Top Democrat Nancy Pelosi is so unconvinced by President Donald Trump's reasons for killing Iranian general Qassem Soleimani that she announced on Wednesday the House of Representatives will vote on a War Powers resolution aimed at limiting the president's power to strike Iran.

After a briefing by the Trump administration on its rationale for killing Soleimani, House Speaker Pelosi said that her "concerns were not addressed" as to what the strategy was to keep Americans safe in the aftermath of recent escalations.

"The Administration must work with the Congress to advance an immediate, effective de-escalatory strategy that prevents further violence," Pelosi said in a statement on Wednesday. "America and the world cannot afford war."

The bill will be moved to the floor of the House on Thursday, Pelosi said.

The Trump administration has tried to satisfy questions about the strategy behind the killing by arguing that Soleimani was in Iraq to plan attacks against Americans in the region and that the strike was an urgent measure to save lives.

On Wednesday, intelligence officials from the administration gave a briefing to Congress behind closed doors stressing that point. Still, many Democrats emerged from the hearing even more sceptical about the White House's argument that a threat was looming.

"We're told it was an imminent threat. I'm not sure I'm convinced about that," said Democratic Congressman Eliot Engel, who chairs the House Foreign Affairs Committee.

"Look, the person we took out was no sweetheart. I was no fan of his, and I'm no fan of the Iranian regime. The question is, do we want to get sucked into another war? For the past 20 years or so, we've been preoccupied with war after war, and I'm not convinced this is any different."

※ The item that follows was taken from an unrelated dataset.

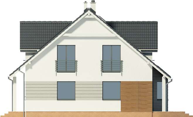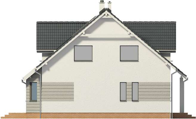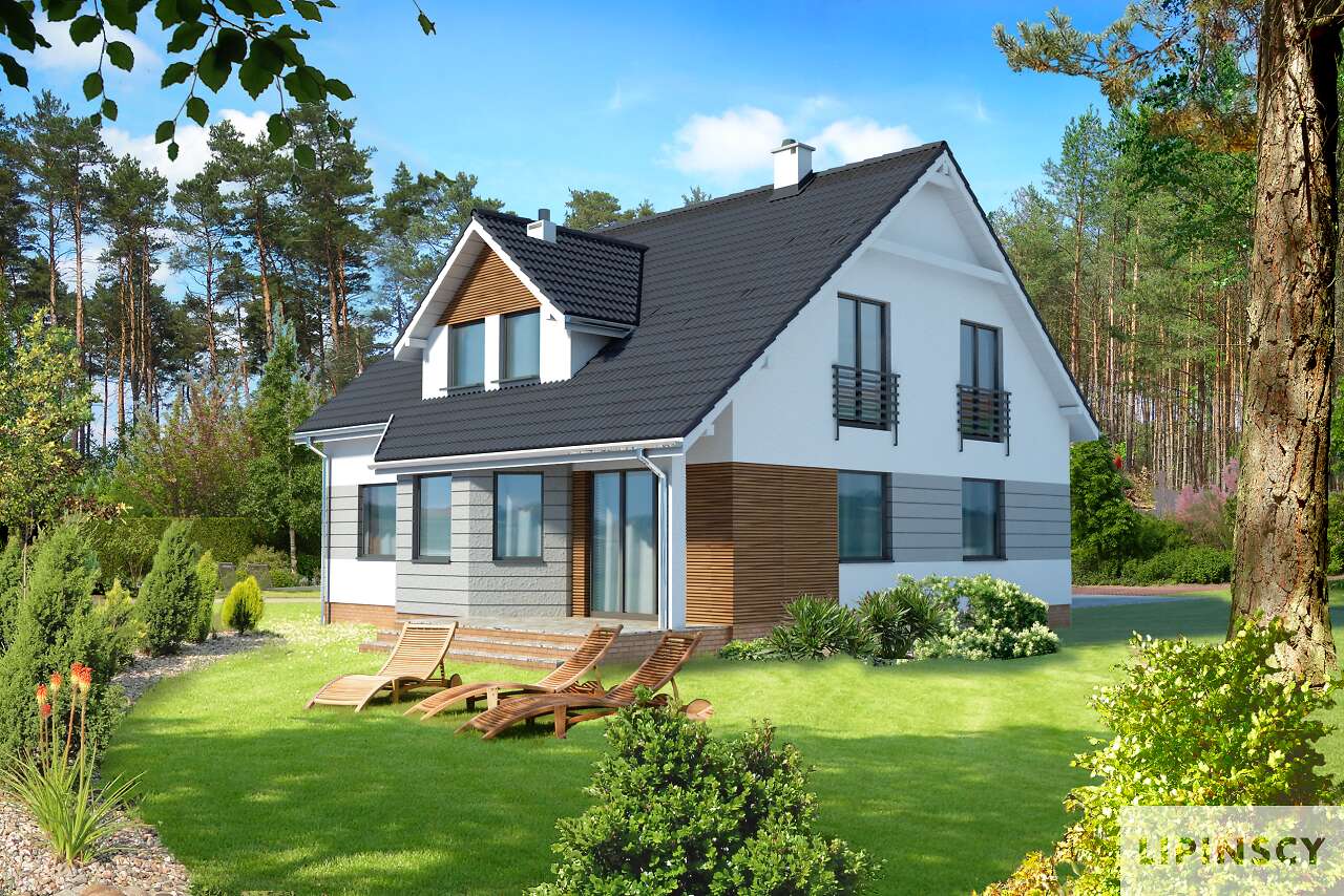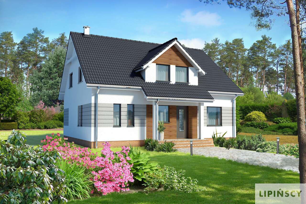 Bardzo wygodny dom o tradycyjnej bryle, a jednocześnie zawierający w sobie elementy domu nowoczesnego. Z przestronnego holu, otwartego na pokój dzienny widzimy znajdujący się za trójbocznym wykuszem ogród. Po prawej stronie znajduje się duża kuchnia, a po lewej zaciszny pokój, który idealnie nadaje się na sypialnię dla rodziców. Na poddaszu natomiast zostały zaprojektowane trzy przestronne i dobrze doświetlone sypialnie oraz piękna łazienka. Dostępna jest wersja standardowa Hamilton (LMP94).

The Trump administration has been stressing that killing Soleimani was a defensive move rather than an escalatory step against Iran.

"In recent days, he was planning new attacks on American targets. But we stopped him," Trump said in a speech earlier on Wednesday.

AUMF

Legislators were told on Friday that Trump used the 2002 military authorisation to invade Iraq as legal grounds to kill Soleimani in Baghdad without congressional authorisation.

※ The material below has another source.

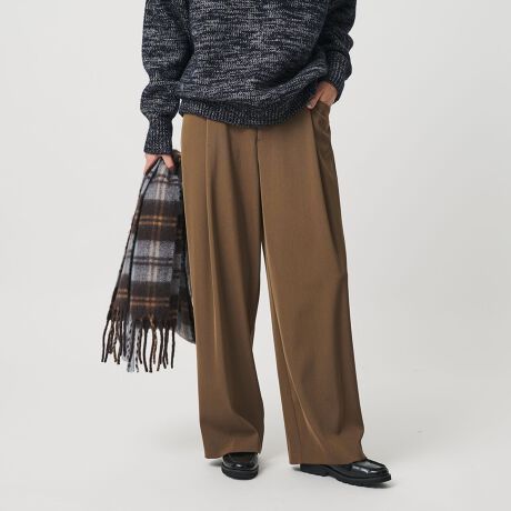 適度な緩さがありながら、すっきりと見えるレッグラインが魅力のワイドパンツ。

In 2001, Congress swiftly passed the Authorization for Use of Military Force (AUMF), granting then-President George Bush broad authority to go after the perpetrators of the September 11 attacks on US soil. A year later, Congress passed another AUMF de facto approving the war on Iraq.

'There are a lot of unanswered questions... but I'm not sure that 'trust me' is a satisfactory answer for me'

- Eliot Engel, chair of the House Foreign Affairs Committee

Democratic lawmakers have been trying to repeal both authorisations. 

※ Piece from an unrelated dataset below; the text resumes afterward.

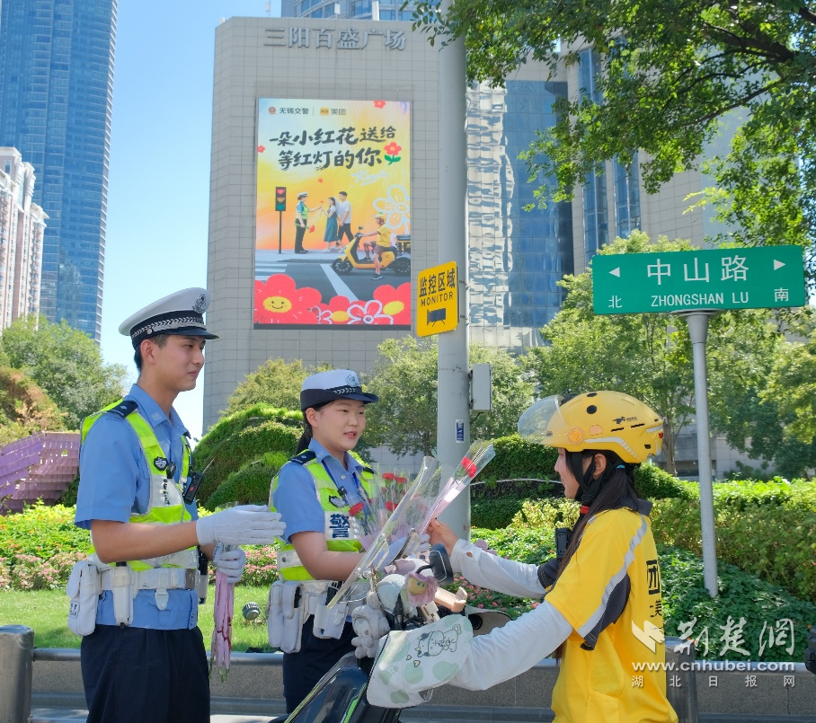 圖為:江蘇省無錫市中山路附近,兩位城市交警現(xiàn)場為騎手送小紅花,倡導(dǎo)安全出行。

Earlier this week, Democratic congresswomen Ilhan Omar and Barbara Lee introduced a resolution to limit the use of both authorisations to strike Iranian targets.

Pelosi said she is considering moving this legislation to a vote as well.

Engel told reporters after the briefing on Wednesday: "There are a lot of unanswered questions... but I'm not sure that 'trust me' is a satisfactory answer for me."

He also said that he has invited Secretary of State Mike Pompeo to testify at the Foreign Affairs Committee next week.

Congressman Gerry Connolly, a Virginia Democrat, was more blunt in criticising the content of the briefing.

"It was sophomoric and utterly unconvincing," he said. "I believe more than ever that Congress needs to act to protect the Constitutional provisions about war and peace."

He also dismissed the legal justification for the attack on Soleimani, saying the 2001 AUMF had nothing to do with Iran. 

"I believe there was no rationale that could pass a graduate school thesis test. I was utterly unpersuaded about any evidence about the imminence of a threat that was new or compelling."

Republicans stand with Trump

Tensions spiked over the past few weeks in what has been a volatile relationship between Washington and Tehran since Trump walked away from the Iran nuclear deal in 2018.

Iran-linked militias have been accused of several attacks on US bases in Iraq. 

Late last month, a rocket strike at a military base in Kirkuk Iraq killed one American contractor and left four wounded. Washington, which blamed the Iran-backed Popular Mobilisation Forces (PMU) for the attack, responded with air strikes that killed 25 PMU fighters.

The PMU then attempted to storm the US embassy in Baghdad. Last week, the US took tensions to an unprecedented level by killing Soleimani, one of Iran's most powerful figures.

On Monday night, Iran launched a barrage of ballistic missiles that hit bases in Iraq hosting US forces, but did not cause any casualties.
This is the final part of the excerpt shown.